Researchers must carefully design prompts based on their content knowledge to avoid outputs (responses) that are biased, incorrect, or misleading (Cain, 2024; Velásquez-Henao et al., 2023). Inputs to LLMs follow various prompt strategies, including zero-shot, one- or few-shot, and chain-of-thought prompts. In zero-shot prompts, the model is given a task with no labeled examples, relying solely on information learned during LLM training (Brown et al., 2020; Liu et al., 2025). Zero-shot prompts may still include detailed task instructions or conceptual definitions. In contrast, one-shot and few-shot prompts provide the model with one or more examples within the prompt, enabling in-context learning (Liu et al., 2025; Tripathi et al., 2025). Prompting strategies may also include chain-of-thought (CoT) instructions, in which the human instructs the LLM to communicate its reasoning step-by-step, thereby improving task performance and the interpretation of the output (Wei et al., 2022). CoT was developed to address more complex reasoning tasks such as solving detailed math problems (Tripathi et al., 2025).
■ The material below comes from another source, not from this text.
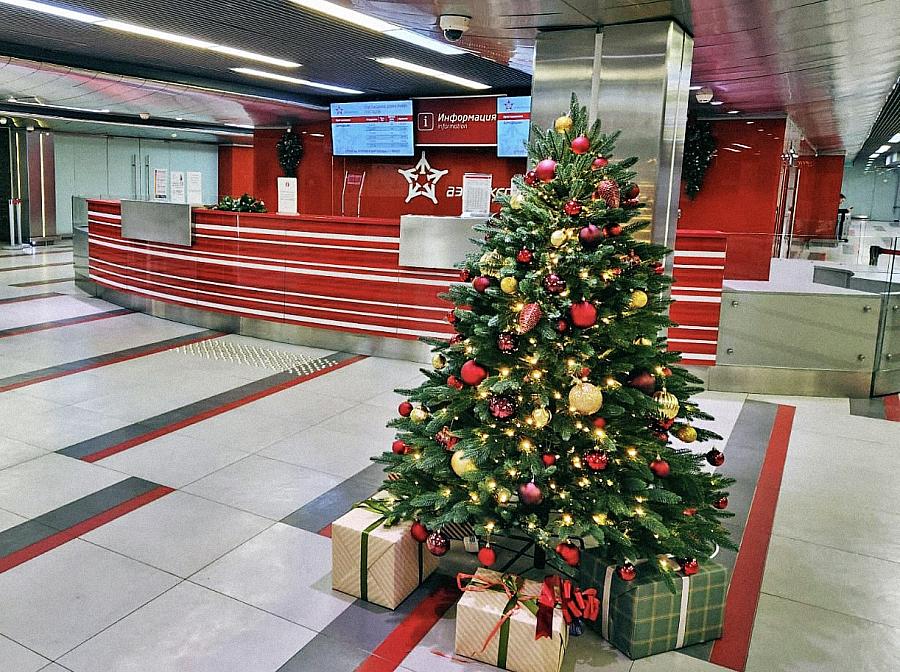 Пассажирские зоны украшены гирляндами, хвойными ветвями и нарядными ёлками, звучит тематическая фоновая музыка.

Research has begun to examine different LLMs and various prompting strategies that yield the most accurate responses, especially as compared to human coding (Kim et al., 2023). Radford et al. (2019) demonstrated that large-scale language models like GPT-2 can perform a variety of language tasks in a zero-shot setting, marking a major shift in how researchers understood the flexibility and potential of unsupervised LLMs. However, zero-shot prompting may not always produce scores that match human ratings. For example, Johnson and Zhang (2024) used zero-shot scoring on 13,121 essays, representing eight different essay prompts, and asked GPT-4o to assign a numerical score on a scale of 1 to 6. This study found AI scores were 0.9 points lower on average than those assigned by humans and may have produced biased scores for Asian/Pacific Islander students who received even lower scores on average (Johnson & Zhang, 2024).

LLM performance may be influenced by whether an open-source or closed-source model is used and by the recency of the LLM's version. In a recent study, Seßler et al. (2025) compared five LLMs (GPT-3.5, GPT-4, GPT-o1, LLaMA 3-70B, and Mixtral 8x7B) to human coders using a zero-shot prompt on language-based and content-based criteria in student essays. The researchers found that closed-source models had higher overall correlations with human ratings and that these correlations increased with each successive model version. The models aligned more closely with human scoring on language-related essay criteria rather than content-related aspects. Of all the LLMs, the most recent version assessed, GPT-o1, had the highest correlation with humans in the overall category (r = 0.74) (Seßler et al., 2025). “These patterns suggest that the architectural and training differences between closed-source and open-source models significantly impact their evaluation strategies and reliability” (Seßler et al., 2025, p. 470).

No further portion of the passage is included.